At first glance, this might sound logical: Québec has its own immigration programs and selection criteria. But here's where it gets odd—once someone becomes a permanent resident of Canada, they are constitutionally entitled to live and work anywhere in the country, including Québec.
So why are applicants being asked to prove an intention they are not bound to respect after landing?
Québec’s Unique Role in Immigration
Québec has a special agreement with the federal government known as the Canada-Québec Accord, which gives the province exclusive control over the selection of economic immigrants who intend to settle there. That means if you want to live in Québec as a skilled worker, you must go through Québec’s own immigration programs.
In contrast, federal programs like Express Entry are designed for applicants intending to live in the rest of Canada. So when someone submits an application through a federal stream but is living, working, or studying in Québec, IRCC often issues a procedural fairness letter questioning whether the applicant truly intends to settle outside Québec.
This leads to a strange legal and ethical dilemma: applicants must prove their “intention” to live elsewhere, even though they are under no obligation to respect that intention once they become permanent residents.
A Legal Fiction—But With Real Consequences
The requirement to show intent isn’t backed by any mechanism to enforce it. Immigration officers cannot restrict someone from moving to Québec after receiving permanent residency. However, failing to demonstrate this intent convincingly can result in a refusal before permanent residency is granted.
Applicants are often forced to go to great lengths—moving to Ontario, signing leases, submitting letters from employers—to prove they have no ties to Québec, even if their reasons for being in Québec are temporary or beyond their control (such as completing studies or awaiting a job transfer).
This disconnect creates what legal professionals refer to as a “legal fiction.” It's a requirement based on form over substance: everyone knows it cannot be enforced, yet it still dictates outcomes.
Should It Matter?
In principle, Canadian immigration policy is meant to serve national interests. Once someone is selected based on merit, skills, or family ties, does it really matter where they live? Forcing individuals to move or conceal their true intentions arguably creates unnecessary stress, encourages dishonesty, and wastes valuable resources—both for the applicant and for IRCC.

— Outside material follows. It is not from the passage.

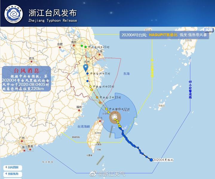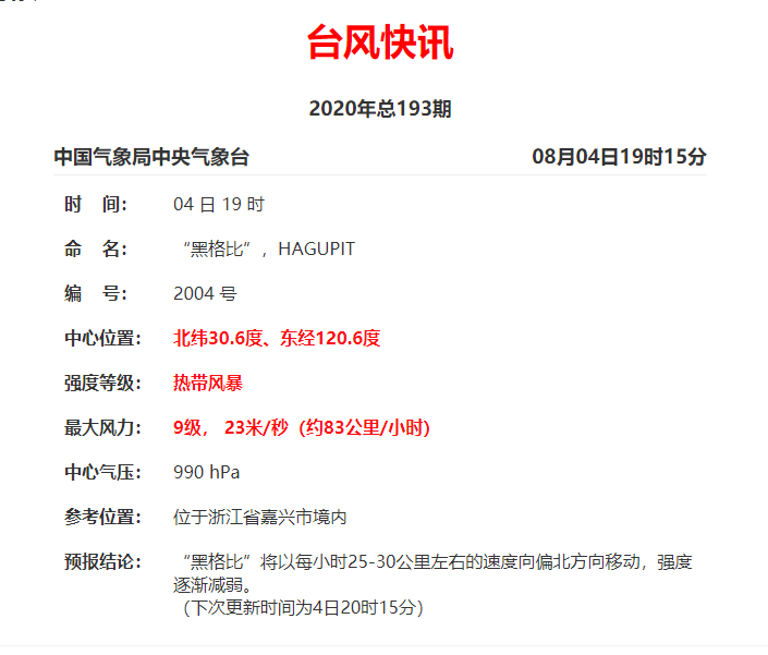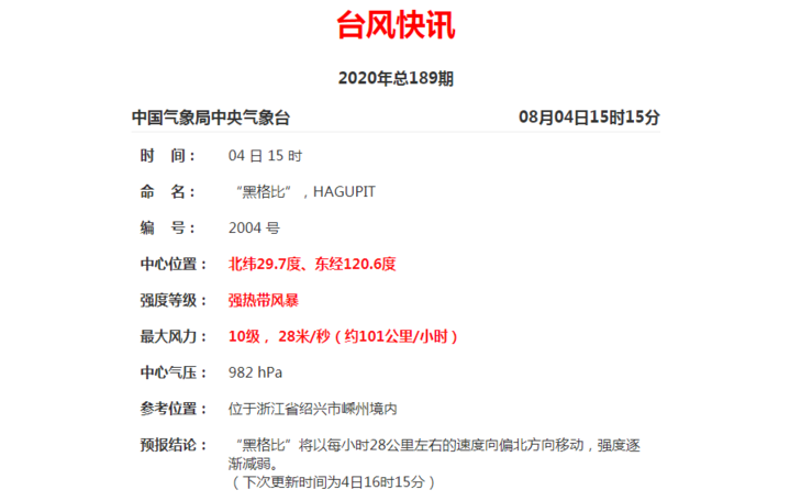 2020年第04号台风(强热带风暴级)黑格比08月04日16时位于北纬29.9°、东经120.6°,最大风速25m/s,中心气压985hPa,目前位于绍兴市城区,将以每小时28公里左右的速度向偏北方向移动,强度逐渐减弱。

Moreover, the practice arguably opens the door to arbitrary or inconsistent decisions, where officers may subjectively interpret someone’s intent based on weak or circumstantial evidence.
A Call for Reform or Clarity
Rather than perpetuating this ambiguous standard, policymakers might consider modernizing the approach. This could include increasing transparency by publishing clearer guidelines on how officers assess “intention,” to ensure consistency and fairness.
Until then, applicants and their representatives must continue playing this awkward game—crafting narratives about where they plan to live, all the while knowing that the Canadian Charter of Rights and Freedoms allows them to move freely after landing.